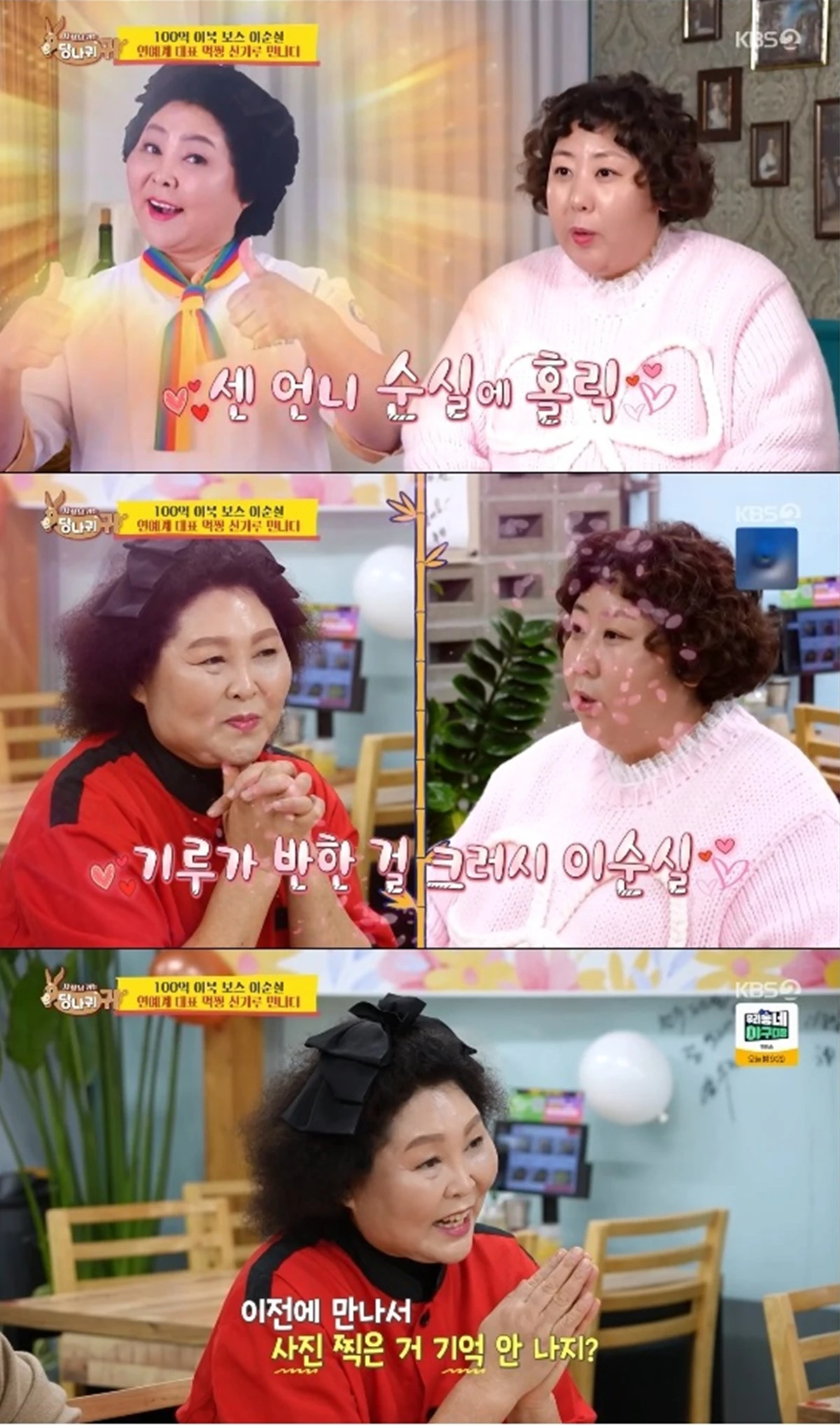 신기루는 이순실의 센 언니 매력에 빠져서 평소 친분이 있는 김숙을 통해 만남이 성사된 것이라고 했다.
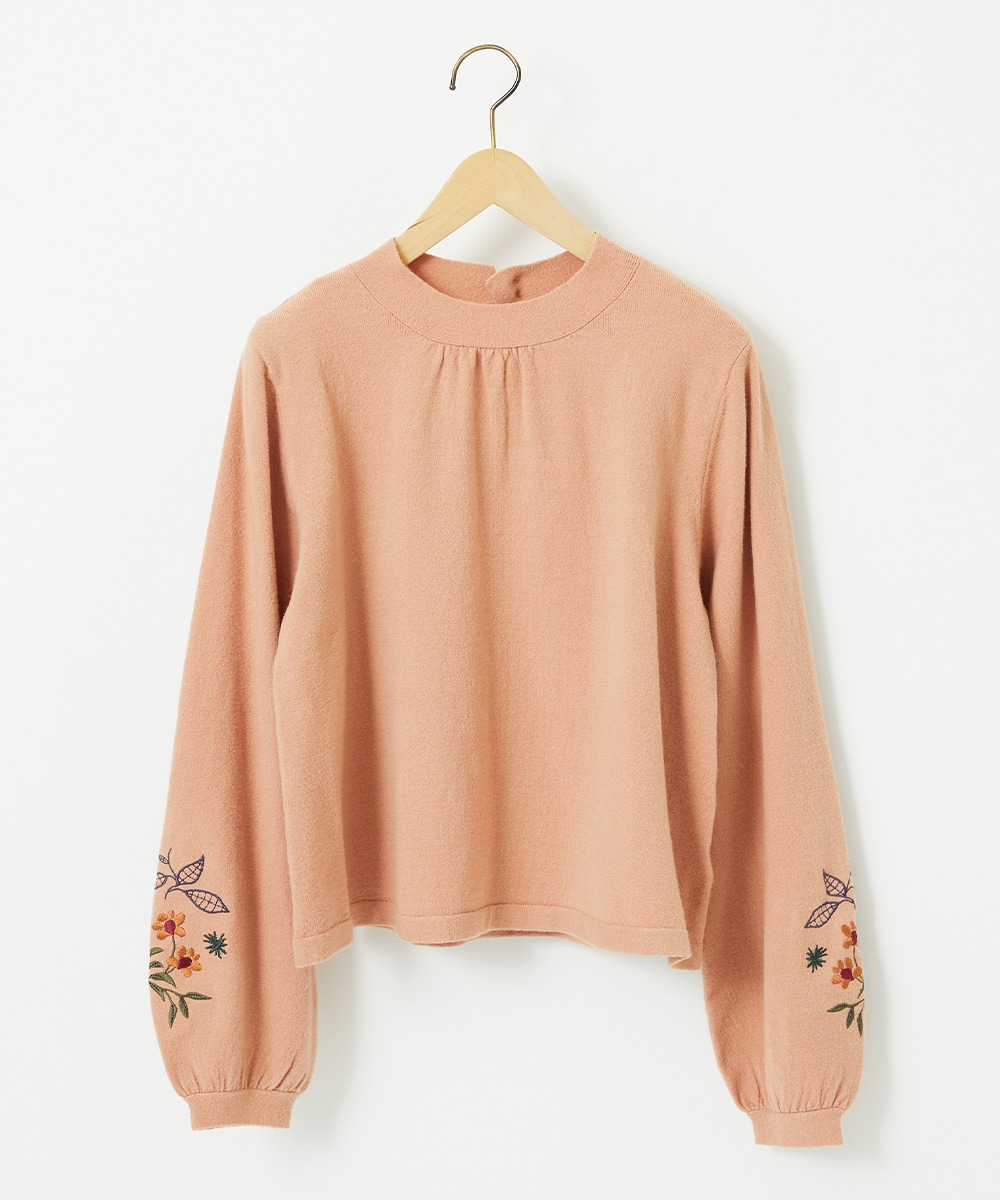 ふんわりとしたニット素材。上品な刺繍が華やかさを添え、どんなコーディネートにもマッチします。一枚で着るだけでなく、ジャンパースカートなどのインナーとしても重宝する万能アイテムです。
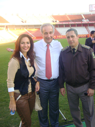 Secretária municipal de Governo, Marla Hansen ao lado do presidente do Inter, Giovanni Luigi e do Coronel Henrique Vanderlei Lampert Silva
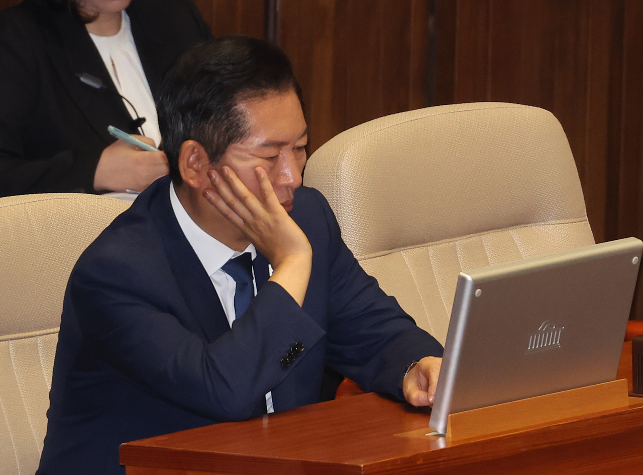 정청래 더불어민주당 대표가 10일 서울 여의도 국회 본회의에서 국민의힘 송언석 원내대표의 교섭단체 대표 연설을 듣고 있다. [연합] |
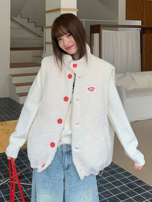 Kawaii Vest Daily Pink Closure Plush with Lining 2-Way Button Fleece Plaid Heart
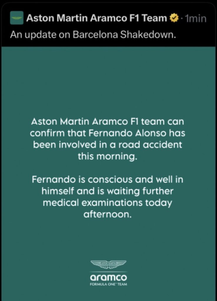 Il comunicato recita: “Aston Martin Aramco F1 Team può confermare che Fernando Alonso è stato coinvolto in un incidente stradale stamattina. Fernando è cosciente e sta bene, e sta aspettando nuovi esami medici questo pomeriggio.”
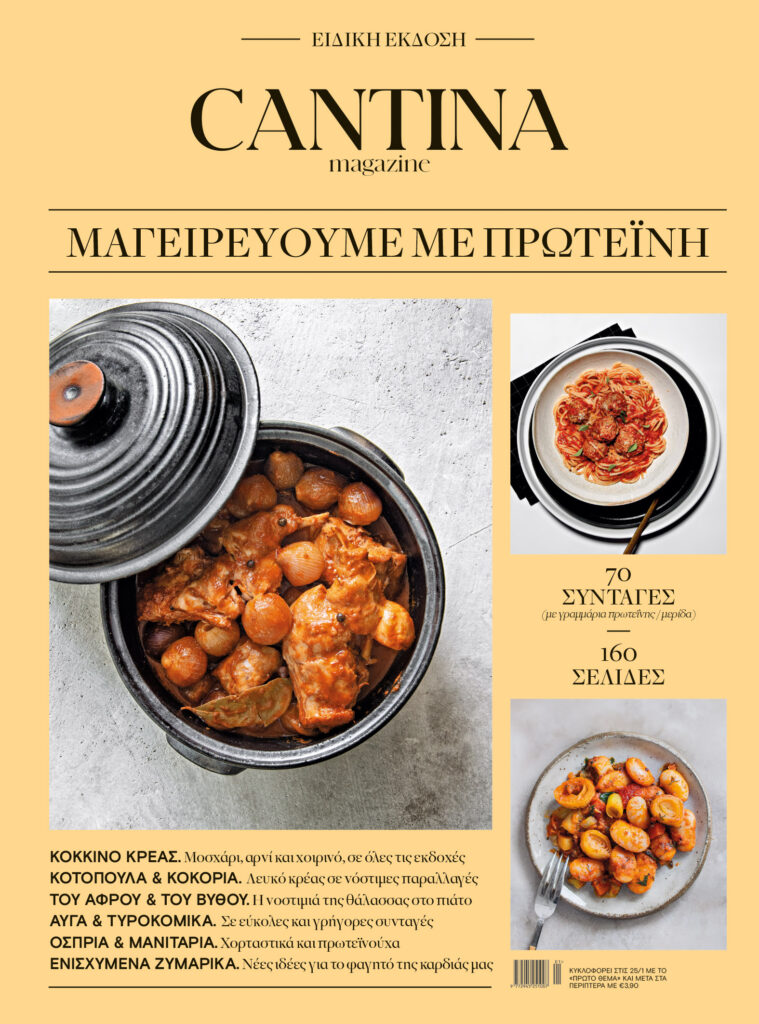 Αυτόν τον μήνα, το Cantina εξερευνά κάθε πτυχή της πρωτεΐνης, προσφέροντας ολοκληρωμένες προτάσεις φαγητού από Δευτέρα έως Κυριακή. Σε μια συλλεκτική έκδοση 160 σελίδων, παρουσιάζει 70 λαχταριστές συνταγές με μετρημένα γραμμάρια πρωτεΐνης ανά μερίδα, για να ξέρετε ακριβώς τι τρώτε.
————————
EXERCISE DIRECTIONS: The whole of the data above needs retyping exactly, with pictures omitted.

RESULT OF THE EXERCISE:
 신기루는 이순실의 센 언니 매력에 빠져서 평소 친분이 있는 김숙을 통해 만남이 성사된 것이라고 했다.
 ふんわりとしたニット素材。上品な刺繍が華やかさを添え、どんなコーディネートにもマッチします。一枚で着るだけでなく、ジャンパースカートなどのインナーとしても重宝する万能アイテムです。
 Secretária municipal de Governo, Marla Hansen ao lado do presidente do Inter, Giovanni Luigi e do Coronel Henrique Vanderlei Lampert Silva
 정청래 더불어민주당 대표가 10일 서울 여의도 국회 본회의에서 국민의힘 송언석 원내대표의 교섭단체 대표 연설을 듣고 있다. [연합] |
 Kawaii Vest Daily Pink Closure Plush with Lining 2-Way Button Fleece Plaid Heart
 Il comunicato recita: “Aston Martin Aramco F1 Team può confermare che Fernando Alonso è stato coinvolto in un incidente stradale stamattina. Fernando è cosciente e sta bene, e sta aspettando nuovi esami medici questo pomeriggio.”
 Αυτόν τον μήνα, το Cantina εξερευνά κάθε πτυχή της πρωτεΐνης, προσφέροντας ολοκληρωμένες προτάσεις φαγητού από Δευτέρα έως Κυριακή. Σε μια συλλεκτική έκδοση 160 σελίδων, παρουσιάζει 70 λαχταριστές συνταγές με μετρημένα γραμμάρια πρωτεΐνης ανά μερίδα, για να ξέρετε ακριβώς τι τρώτε.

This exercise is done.